From Ubuntu and Inkscape, to more specific tools related to Big Data and climate, at Predictia we rely on Open Source projects to our day to day. Why? There are several reasons:
- Having control over what the software does and how it executes it is key in our projects, that usually involve dealing with several TBs of climate data or vast and complex databases with health data.
- Relying on open source adds a layer of accountability and transparency towards our clients, that can then independently inspect the solution we developed.
- Most importantly, we are proud to be part of multiple communities around different open source projects. And just as we benefit from the work of the community, we also contribute to those projects, helping them expand little by little.
Today, we bring you three open source tools for climate data, and a couple of contributions we made to some of them.

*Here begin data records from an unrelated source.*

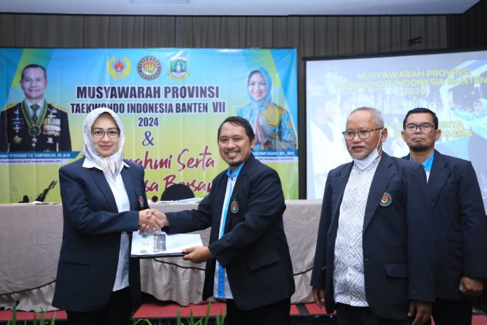 BBC, Tangsel – Mantan Walikota Tangerang Selatan Airin Rachmi Diany kembali terpilih menjadi Ketua Umum Pengurus Provinsi (Pengprov) Taekwondo Indonesia (TI) Banten masa bakti 2024-2028. Airin terpilih secara aklamasi dalam Musyawarah Provinsi (Musprov) TI Banten ke-VII di Soll Marina Hotel, Kota Tangerang Selatan, Kamis (28/3/2024).
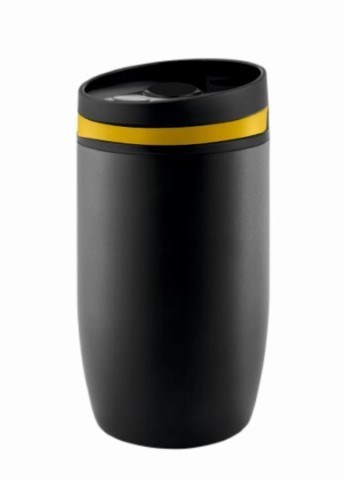 Metmaxx® Thermobecher "CremaOfficinaNero" schwarz/Ring gelb
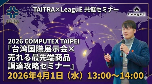 株式会社LeaguE(本社:東京都、代表取締役:武智 翔太郎)は、台湾貿易センターとの共催により、2026年4月1日(水)13:00~14:00に無料ウェビナー「台湾国際展示会×売れる最先端商品調達攻略セミナー」を開催いたします。
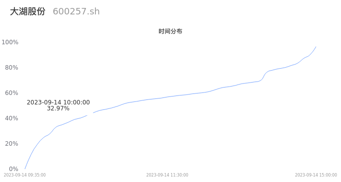 600257大湖股份2023年09月14日成交77.93万手,成交金额6.03亿元,相较昨日缩量23.53万手,换手率16.19%,成交活跃。
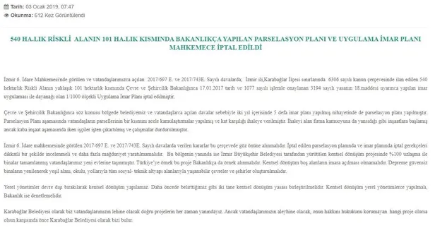 Karabağlar Belediyesi, mahkeme kararı sonrası yaptığı açıklamada "Yerel yönetimler devre dışı bırakılarak kentsel dönüşüm yapılamaması gerektiği" iddia edildi.
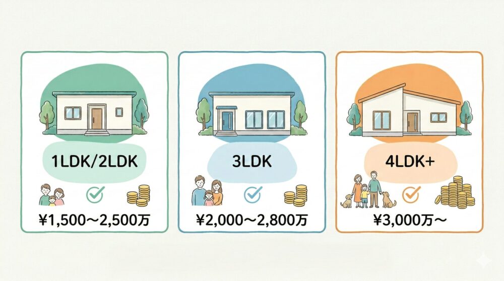 - 3LDK(25〜30坪程度):2,000万円〜2,800万円前後。
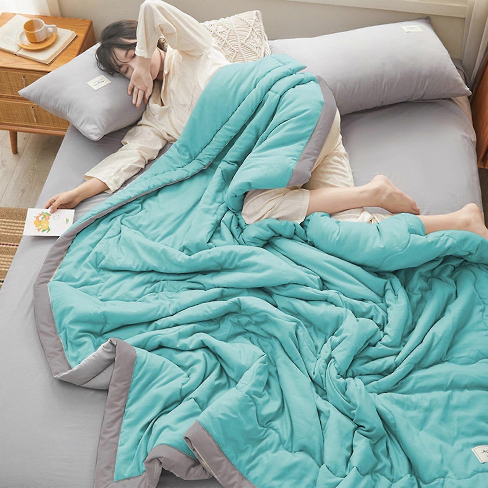 Machine Washable Lightweight Cotton Quilt - Ideal For AirConditioned Rooms All-Season Cool Comfort Easy Care Feature: Material: 98%Cotton,2%Spandex Color: Blue Product size:200x150cm/78.74x59.05in Packing size:35x35x3cm/13.77x13.77x1.18in Net weight: 900g/1.98lb Gross weight: 900g/1.98lb Descrition: 【Keep cool】:The summer cooler comforter is made of 98%Cotton,2%Spandex fiber with a porous, seamed and hollow structure, making it very so wicking and breathable. Perfect for hot sleepers who suffer from hot flashes and night sweats, you will feel much cooler than with other cotton blankets. The fabric is lightweight and silky, so it won't stick to your skin or feel stuffy, so you stay cool all summer long and sleep more comfortably on hot nights. 【Keep sweat free all seasons】: This Summer cooler Quilt can Regulation Humidity -wicking, speed up circulate airflow, bring your temperature down, so your skin can keep dry and cool without night sweats, and help you away from feelings whether it's summer or winter. cool-feeling fabric features high specific heat capacity, which means this cool blanket has More Powerful heat absorption and heat dissipation capacity than normal fibers, so it will bring a cool night's sleep. 【Cool & breathable experience】: Sleep with a cool temperature can fall asleep faster and get a sleep. This blanket is skin-friendly, It is better to use this Ice blanket near to the skin, so your skin could feel cool soon. Summer cooler Quilt has a better Ice effect when used with fans , which can quickly reduce the by about 2-4 degrees, even one degree makes a Huge differences when sleeping. 【Easy wash and care】: This all-season cool blanket is machine washable directly, very easy care and convenient in our daily use. The high-cost real stitching keeps the fiberfill stay in place in the past thousands of machine wash, will not Transfer. This cool blanket is designed with a machine-washable for easy care and maintenance. NOTE: This comforter can’t be dry, it will affect the cooler value. [2.] It is better to use this bedding comforter directly(No flat sheet), it is skin-friendly. 【 gift and multiple uses】: This summer Ice blanket can be used as an Summer Sleep blanket, nap blanket, travel blanket, car blanket, sofa blanket and anywhere you want a comfy blanket to keep cool; This cold blanket is also perfect as a birthday gift, holiday gift, anniversary gift, Mother's Day, Father's Day, and Valentine's Day. Package Content: 1x Quilt ❤Hello, Dear Customer, (ლ╹◡╹ლ) Welcome to ☛WICVIK☚ Store ! Our store is seriously making home products, Clearance and price reduction sales, We look forward to your first visit! ❤Quality material: It is made of High Quality Material, durable and non-toxic, not easy to fade and break, can be applied for a long time, The product in our shop are made of high quality materials, The latest design in 2024 is the best gift for you. This product makes your home fun! ❤Delicate Gifts: These household and decorative items can be given as gifts to family or friends during important holiday events such as Christmas, Halloween, Easter, birthday parties, Valentine's Day, July 4th, Independence Day, Mother's Day, Father's Day, weddings, graduation parties, school starts, celebrations, anniversaries, etc. ❤Clearance sale, Welcome to our store for purchase! Our store includes home cleaning, home decoration, home appliances, home storage, home yards, toys, sports and outdoor, home kitchens, furniture, bedding, electronic products, automotive products, lighting and other products, including products you need in spring, summer, autumn, and winter seasons, fully meeting your shopping needs. ❤Satisfaction Guarantee: We are dedicated to providing customers with good products and high- quality services. If you have any questions, please do not hesitate to contact us at any time. We will solve your problem within 24 hours! Have a happy shopping experience!
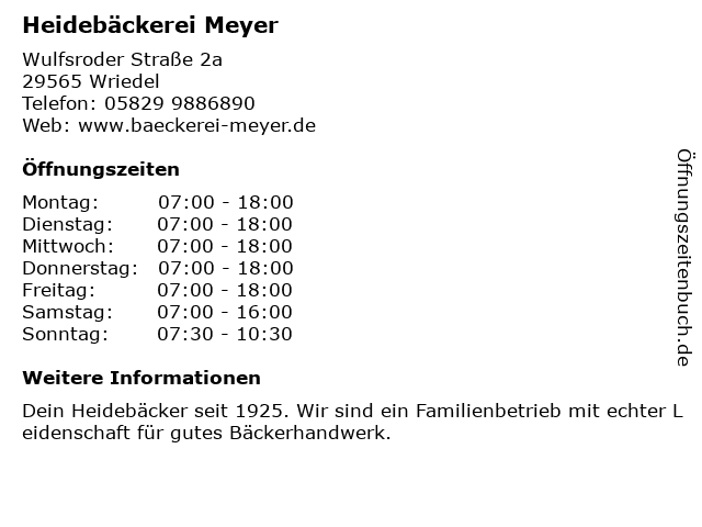 | Öffnungszeiten Heidebäckerei Meyer in Wriedel anzeigen | |

A new functionality for a validation tool
Within a Copernicus project that has to deal with evaluation and quality control for the Climate Data Store, we were looking for tools that would enable for quality control of regional datasets. We came across ESMValTool, an Open Source tool to evaluate Earth system models in CMIP. It has a robust set of features that evaluate models against observations, against other models, or compare different versions of the same model.
In principle, it was a no-brainer. The tool fitted perfectly our needs for a robust way of evaluating climate datasets. However, there was a little drawback: ESMValTool wasn't able to process regional datasets. So, we opened a pull request and started working on some aspects:
- Boundary conditions: since the model is a regional one, it has to fit within the bigger picture of global models. Thus, before processing, these datasets need a little bit of adjustment, by taking into account the conditions at the borders of the region.
- Regridding: when dealing with datasets with different resolutions, and comparing models to datasets like ERA5, the data must be interpolated from one grid resolution to a different grid resolution.
For the moment we have tested it with CORDEX datasets, but in principle, adapting the code a little, any regional dataset could be evaluated using this new functionality!
Debugging the intermediate steps
One of our projects plays around with the radar data provided by AEMET, the Spanish State Meteorological Agency, to offer a nowcasting service (stay tuned to our Twitter for updates on that!). But, in order to provide robust predictions, it is critical to have consistent datasets that have timely data, without gaps. Sadly, reality isn’t always that beautiful, and the radar stations sometimes fail to provide the data for a bunch of reasons: it could be that the connection failed and the measurements couldn’t be uploaded, the sensors malfunctioned, or the station was down for maintenance. Whatever the reason is, you end up managing a dataset that has some gaps (albeit not many) in it.
At that point is where we turn to pySTEPS: a modular, free and open-source python framework for short-term ensemble prediction systems. One of the modules enables us to fill in the gaps in our dataset, using an advection correction algorithm. However, when analysing the results in our particular case, something was out of order. So we talked with the developers, opened an issue, and it was quickly resolved.
Visualising climate data
Last but not least, we want to highlight a project that started back in 2009 and is still maintained and growing: ADAGUC. It is our go-to map server, to visualize data over the web, especially when we are dealing with climate data.
We have used this tool within several projects: the data viewer for the Spanish, the European project Primavera, with Madrid’s Metro… it enables us to visualise climate data ina comprehensible and attractive way that is useful for the users of our tools. And it has an amazing community of developers and users around it that have been maintaining and expandig the project for more than 10 years.